* **What to produce**
Quote every line below exactly and skip any picture.

[[ Material provided, beginning ]]

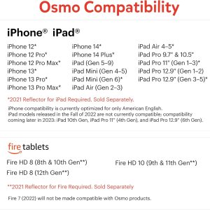 OSMO IS MAGIC: juegos de aprendizaje llenos de diversión y galardonados. Los niños interactúan con piezas reales de mano y un iPad o tableta Fire, dando vida a las piezas y acciones de juego de un niño (no es necesario WiFi para jugar). Base Osmo y iPad/Fire Tablet no incluidos, necesario para jugar. Enseñanza: utiliza bloques físicos prácticos, comandos de codificación, para controlar al personaje Awbie en una aventura llena de diversión (Coding Awbie), una introducción a la codificación. Utiliza bloques de codificación para aprender el lado creativo de la codificación mientras desarrolla un oído para el ritmo, la melodía y la armonía. Haz que tu ritmo cobre vida, aprende patrones y bucles con más de 300 sonidos musicales (Coding Jam). Comparte un mermelada compuesta con familiares, amigos y la comunidad Jam. Resuelve rompecabezas avanzados de codificación lado a lado solo o con otros, jugando a su propio nivel, utilizando trabajo en equipo y estrategia para desbloquear nuevos mundos y codificar más de 60 rompecabezas (Coding Duo). Habilidades aprendidas: lógica, fundamentos de codificación, conceptos básicos de programación, resolver rompecabezas de codificación, trabajo en equipo, escucha, pensamiento crítico, observación, resolución de problemas creativos, creación de música y reconocimiento de patrones. Osmo ve y reacciona al movimiento de la vida real. Dirigido a los niños y al amor por el aprendizaje. Edad y capacidad: a partir de 5 a 10 años. Los juegos están diseñados para niveles principiantes a expertos. Osmo permite la continuación del aprendizaje. El audio en tiempo real y la retroalimentación visual permiten a los niños aprender a través de la experimentación en un entorno sin estrés. Contenido de la caja: 31 bloques de codificación tangibles, incluyendo: caminar, saltar, mano, magia, descanso, cuantificadores (números), repetición, subrutinas, almacenamiento apilable para piezas de juego, 3 aplicaciones de juego: Coding Awbie, Coding Jam y Coding Duo. Compatibilidad para iPad y tableta de fuego: iPad compatible: todos los iPads excepto la generación 1-4 y iPad Mini 1. iPad Reflector 2021 requerido para el iPad Mini 6, iPad Air 4-5, iPad Pro de 11 pulgadas y iPad Pro de 12.9 pulgadas 3-5. La versión mínima de iOS necesaria es iOS 11. Tabletas Fire compatibles: Fire 7 (9ª generación), Fire HD 8 (8ª y 10ª generación) y Fire HD 10 (9ª y 11ª generación). Reflector de fuego 2021, se vende por separado, requerido para: Fire HD 8 (10ª generación) y Fire HD 10 (11ª generación). La versión mínima de FireOS necesaria es 7.
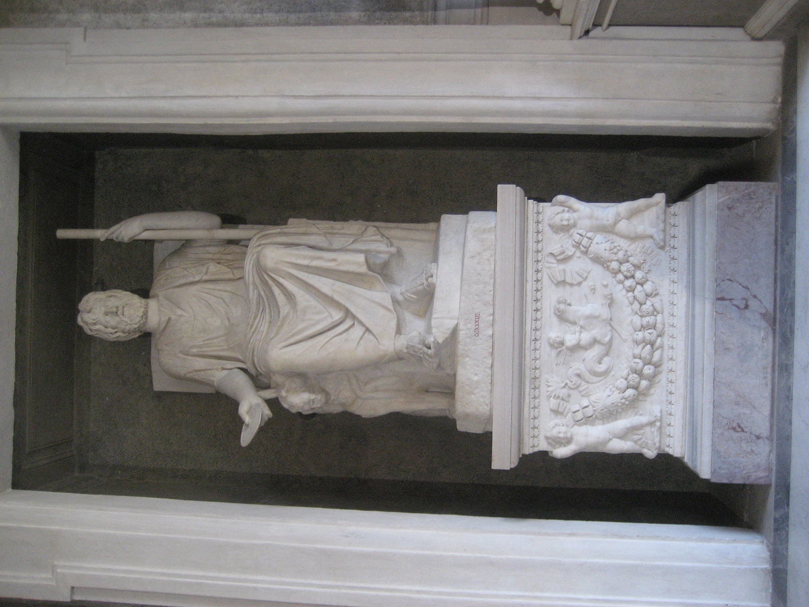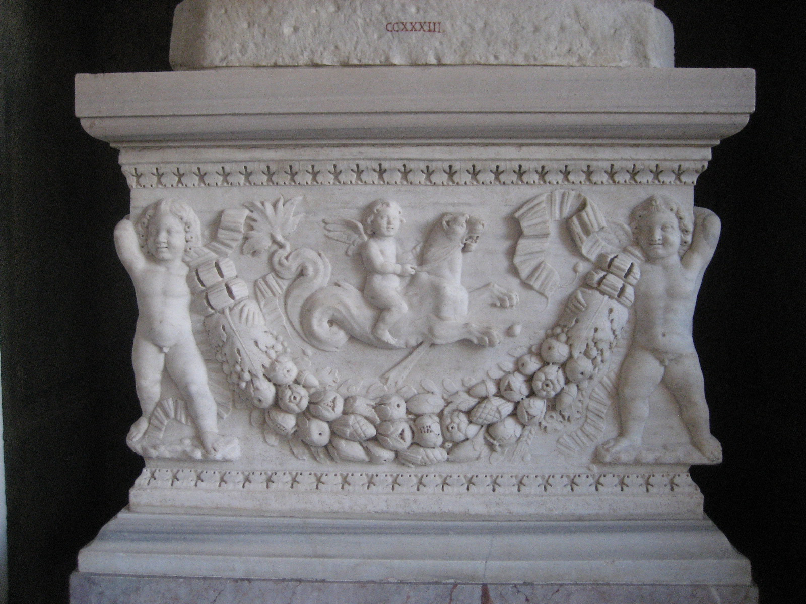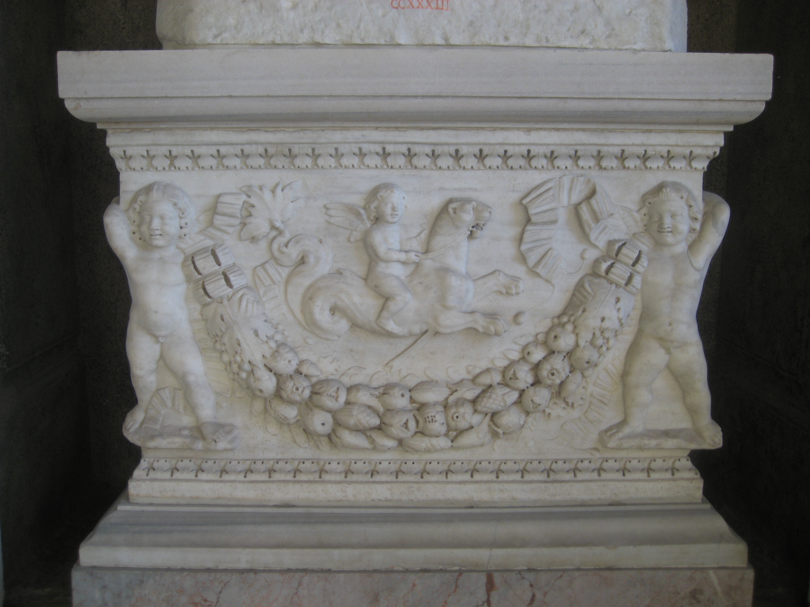 lastra di sarcofago - Sarcofago a festoni con eroti e motivi marini, sezione 2008 Inventario CCXXXIIIa vedi scheda opera vedi le foto di restauro in sequenza di quest'opera |
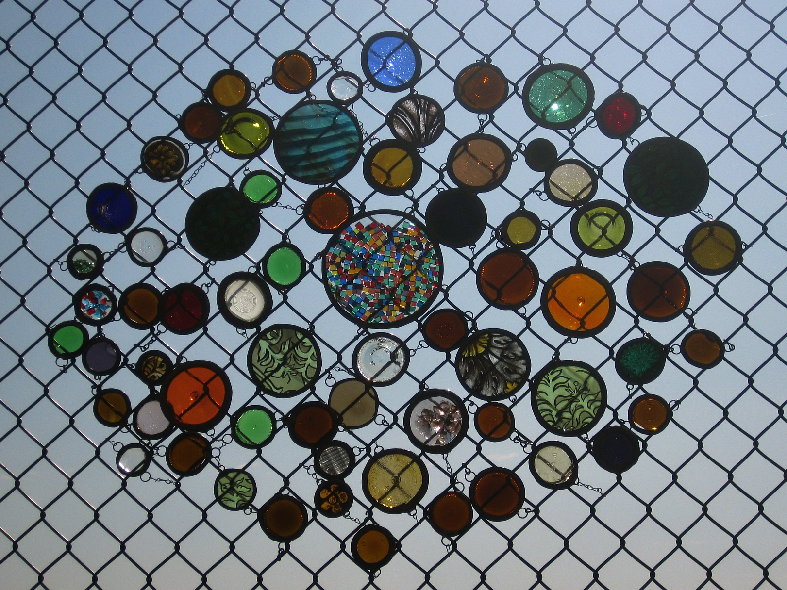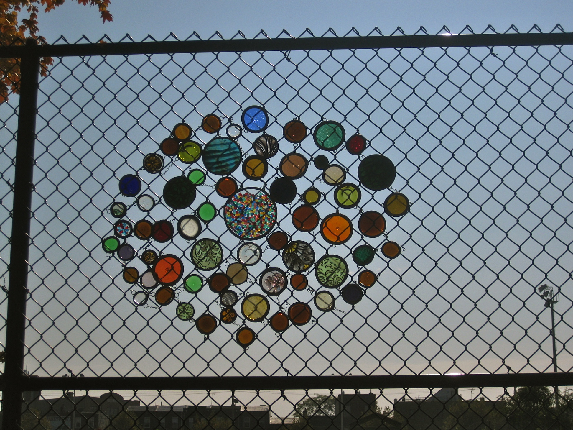 New work by stained glass artist, and first-time street artist, JT, who installed a mixture of recycled broken glass bottle bottoms and historical stained glass scraps for this beautiful piece on Federal between 9th and 10th streets in South Philly.
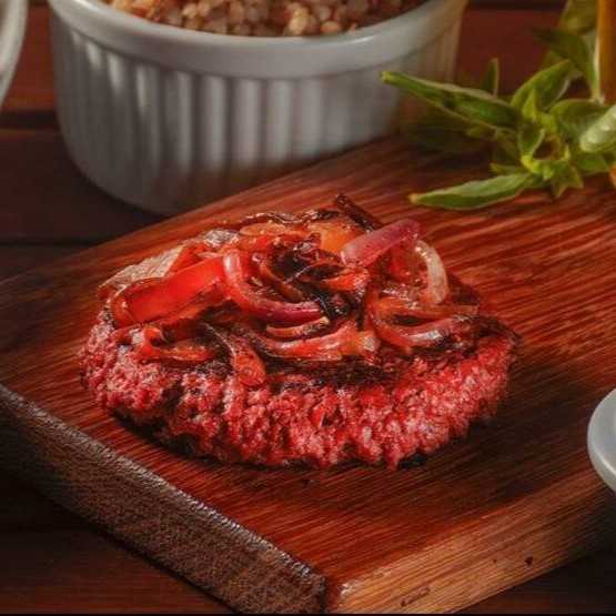 Experimente nosso Burguer Vegano com Proteína de Ervilha, Soja e Grão de Bico, Beterraba, Condimentos e Especiarias. Acompanha Arroz, Fritas, Farofa ou Salada

[[ Material provided, end ]]

* **Result of the exercise**
 OSMO IS MAGIC: juegos de aprendizaje llenos de diversión y galardonados. Los niños interactúan con piezas reales de mano y un iPad o tableta Fire, dando vida a las piezas y acciones de juego de un niño (no es necesario WiFi para jugar). Base Osmo y iPad/Fire Tablet no incluidos, necesario para jugar. Enseñanza: utiliza bloques físicos prácticos, comandos de codificación, para controlar al personaje Awbie en una aventura llena de diversión (Coding Awbie), una introducción a la codificación. Utiliza bloques de codificación para aprender el lado creativo de la codificación mientras desarrolla un oído para el ritmo, la melodía y la armonía. Haz que tu ritmo cobre vida, aprende patrones y bucles con más de 300 sonidos musicales (Coding Jam). Comparte un mermelada compuesta con familiares, amigos y la comunidad Jam. Resuelve rompecabezas avanzados de codificación lado a lado solo o con otros, jugando a su propio nivel, utilizando trabajo en equipo y estrategia para desbloquear nuevos mundos y codificar más de 60 rompecabezas (Coding Duo). Habilidades aprendidas: lógica, fundamentos de codificación, conceptos básicos de programación, resolver rompecabezas de codificación, trabajo en equipo, escucha, pensamiento crítico, observación, resolución de problemas creativos, creación de música y reconocimiento de patrones. Osmo ve y reacciona al movimiento de la vida real. Dirigido a los niños y al amor por el aprendizaje. Edad y capacidad: a partir de 5 a 10 años. Los juegos están diseñados para niveles principiantes a expertos. Osmo permite la continuación del aprendizaje. El audio en tiempo real y la retroalimentación visual permiten a los niños aprender a través de la experimentación en un entorno sin estrés. Contenido de la caja: 31 bloques de codificación tangibles, incluyendo: caminar, saltar, mano, magia, descanso, cuantificadores (números), repetición, subrutinas, almacenamiento apilable para piezas de juego, 3 aplicaciones de juego: Coding Awbie, Coding Jam y Coding Duo. Compatibilidad para iPad y tableta de fuego: iPad compatible: todos los iPads excepto la generación 1-4 y iPad Mini 1. iPad Reflector 2021 requerido para el iPad Mini 6, iPad Air 4-5, iPad Pro de 11 pulgadas y iPad Pro de 12.9 pulgadas 3-5. La versión mínima de iOS necesaria es iOS 11. Tabletas Fire compatibles: Fire 7 (9ª generación), Fire HD 8 (8ª y 10ª generación) y Fire HD 10 (9ª y 11ª generación). Reflector de fuego 2021, se vende por separado, requerido para: Fire HD 8 (10ª generación) y Fire HD 10 (11ª generación). La versión mínima de FireOS necesaria es 7.
 lastra di sarcofago - Sarcofago a festoni con eroti e motivi marini, sezione 2008 Inventario CCXXXIIIa vedi scheda opera vedi le foto di restauro in sequenza di quest'opera |
 New work by stained glass artist, and first-time street artist, JT, who installed a mixture of recycled broken glass bottle bottoms and historical stained glass scraps for this beautiful piece on Federal between 9th and 10th streets in South Philly.
 Experimente nosso Burguer Vegano com Proteína de Ervilha, Soja e Grão de Bico, Beterraba, Condimentos e Especiarias. Acompanha Arroz, Fritas, Farofa ou Salada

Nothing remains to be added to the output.